Figure 2.

A schematic view of the pre-endosymbiont hypothesis. The premitochondrion is seen as a membrane-bound entity endowed with a protein import system and various ion/small-molecule transporters, compartmentalizing many of the metabolic functions of the mitochondrion. The premitochondrion is assumed to have evolved endogenously within the pre-eukaryote cell from proteins that now constitute a major portion of the NPC (non-α-proteobacterial component) of the contemporary mitochondrial proteome. An α-proteobacteria-like endosymbiont is converted to the ancestral mitochondrion, effectively “capturing” the protein components and functions of the premitochondrion.

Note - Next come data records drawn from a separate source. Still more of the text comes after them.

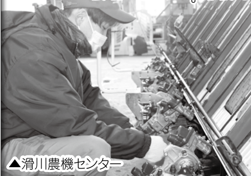
▲滑川農機センター

●JAアルプス立山農機センター 立山町前沢新町716 ☎462-19310 ●JAアルプス滑川農機センター 滑川市柳原79-5 ☎475-11261
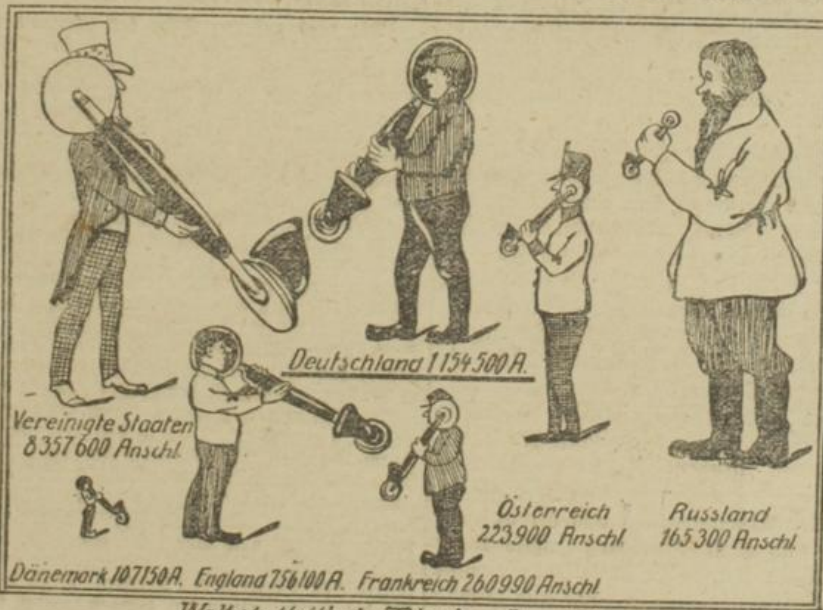
Weltstatistik der Telephon-Anschlüsse

Die Organe der bürgerlichen Parteien haben allerdings den unmittelbaren Zusammenhang hervor, der zwischen Bebels Welttriumph und seiner unermüdbaren Arbeit im Dienste der von ihm geführten Volksmassen bestand. Aber diese Massen selbst, die durch ihre zielbewußte historische Aktivität ihren Führer in den Vordergrund der Geschichte gerückt hat und ihm die Möglichkeit gab, eine der ersten Rollen dort zu spielen, figurieren in den Nekrologen der
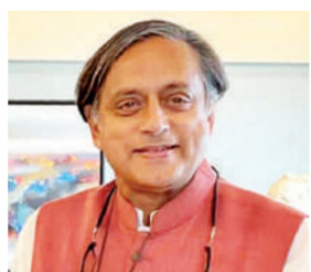
कहा, पीएम नरेंद्र मोदी का विकल्प अनुभवी, सक्षम और विविध भारतीय नेताओं का वह समूह है, जो लोगों की परेशानियों के प्रति जवाबदेह होगा और व्यक्तिगत अहंकार से प्रेरित नहीं होगा।

कांग्रेस नेता शशि थरूर का कहना है कि प्रधानमंत्री नरेंद्र मोदी का विकल्प कौन हो सकता है, यह सवाल संसदीय प्रणाली में अप्रासंगिक है, क्योंकि हम किसी व्यक्ति को नहीं, बल्कि एक पार्टी या पार्टियों के गठबंधन को चुनते हैं। थरूर ने सोशल मीडिया मंच एक्स पर कहा कि एक पत्रकार ने उनसे यह सवाल पूछा था। उन्होंने लिखा, मुझे एक ऐसे शब्द की पहचान करने के लिए कहा है जो नरेंद्र मोदी का विकल्प है। थरूर ने

The endosymbiont contributes the APC (α-proteobacterial component) of the mitochondrial proteome, which is largely directed toward specification of energy-generating capacity (in the form of coupled electron transfer/oxidative phosphorylation). The premitochondrion → ancestral mitochondrion conversion is greatly facilitated by the existence of the reservoir of premitochondrial proteins in the host cell. Endosymbiont-to-nucleus gene transfer (EGT) coupled with rationalization of redundant pathways results in the formation of evolutionarily chimeric enzymatic pathways and protein complexes in the ancestral mitochondrion, as well as functional relocation of the products of some transferred α-proteobacterial genes to other cellular compartments. The premitochondrion is assumed to be a non-energy-generating organelle that imports ATP; a key innovation in the transition to the contemporary mitochondrion is the generation/acquisition of an ADP/ATP transporter that reverses this flow, ultimately allowing the mitochondrion to become the primary site of ATP generation for cellular functions.